В романе есть знаменитый эпизод с участием князя Мышкина, столичного общества и китайской вазы. Рогожин отсутствует, но о нем постоянно говорит Мышкин. Светское собрание состоит из генерала с немецким именем, барина-англомана, русского поэта из немцев. Барин-англоман недовольно рассказывает «о каких-то беспорядках по помещичьим имениям» и с сочувствием упоминает родственника, принявшего католицизм. Мышкин отвечает, что католичество есть нехристианская вера и оно порождает социализм. Он утверждает: «Надо, чтобы воссиял в отпор Западу наш Христос», а «кто почвы под собой не имеет, тот и от Бога своего отказался». В этой речи Россия предстает как истинный Восток, а Бог — как «наш Бог». В тотемных культах не наш бог вообще не является богом. Религия неотделима от политики, обе связаны с географией и все три замкнуты на национальной идее. Мышкин также говорит, что «у нас образованнейшие люди в хлыстовщину даже пускались». Имея в виду Рогожина, Мышкин открывает аудитории идею внутреннего ориентализма: «Откройте жаждущим и воспаленным Колумбовым спутникам берег Нового Света, откройте русскому человеку русский Свет, дайте отыскать ему это золото, это сокровище, сокрытое от него в земле!» (Достоевский 1973:8/446–433) Главное колониальное событие — открытие Америки — переносится на Россию: ее внутренние губернии, куда недавно путешествовал Мышкин, неизвестны и многообещающи, как Новый Свет. В их глубине нужно открыть духовное Эльдорадо, которое воскресит Россию и мир. Но петербургское общество не дает истинно русским людям достичь такого преображения. Как говорит Мышкин:

Я боюсь за вас, за вас всех и за всех нас вместе. Я ведь сам князь исконный и с князьями сижу. Я, чтобы спасти всех нас, говорю, чтобы не исчезло сословие даром, в потемках, ни о чем не догадавшись, за все бранясь и все проиграв (Достоевский 1973: 8/458).

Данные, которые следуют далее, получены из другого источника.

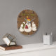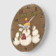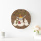 Add this SNOW FUN primitive snowman clock to any room in your country home. Three whimsical snowmen are all decked out in their winter best and are all ready to play in the snow. Falling snow around the perimeter of the clock. Background is country plaid. The snowman in the centre is holding a heart.
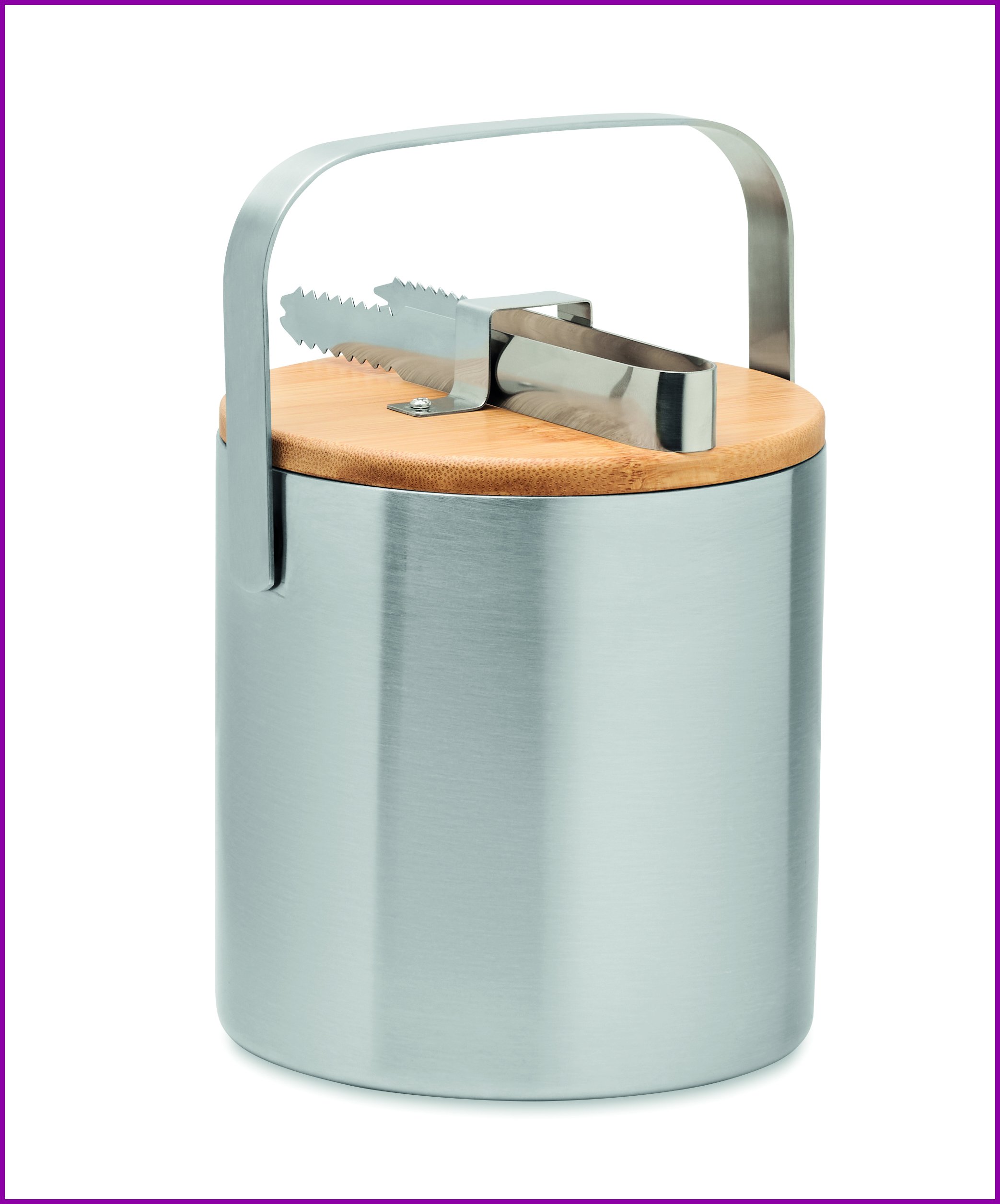 Kaksiseinäinen eristetty,ruostumattomasta teräksestä valmistettu jääpalakulho, jossa on bambukansi ja jääpihdit. Tilavuus 1200 ml.

Дворянское сословие внутренней колонизации, предупреждает Мышкин, проиграло свою игру. Его может спасти только паломничество на восток, во внутренние российские земли. Скоро, в 1874 году, такое паломничество — хождение в народ — совершат многие. Под «народом» они тоже, как Мышкин, часто имели в виду скопцов, хлыстов и другие секты (см. главу 10).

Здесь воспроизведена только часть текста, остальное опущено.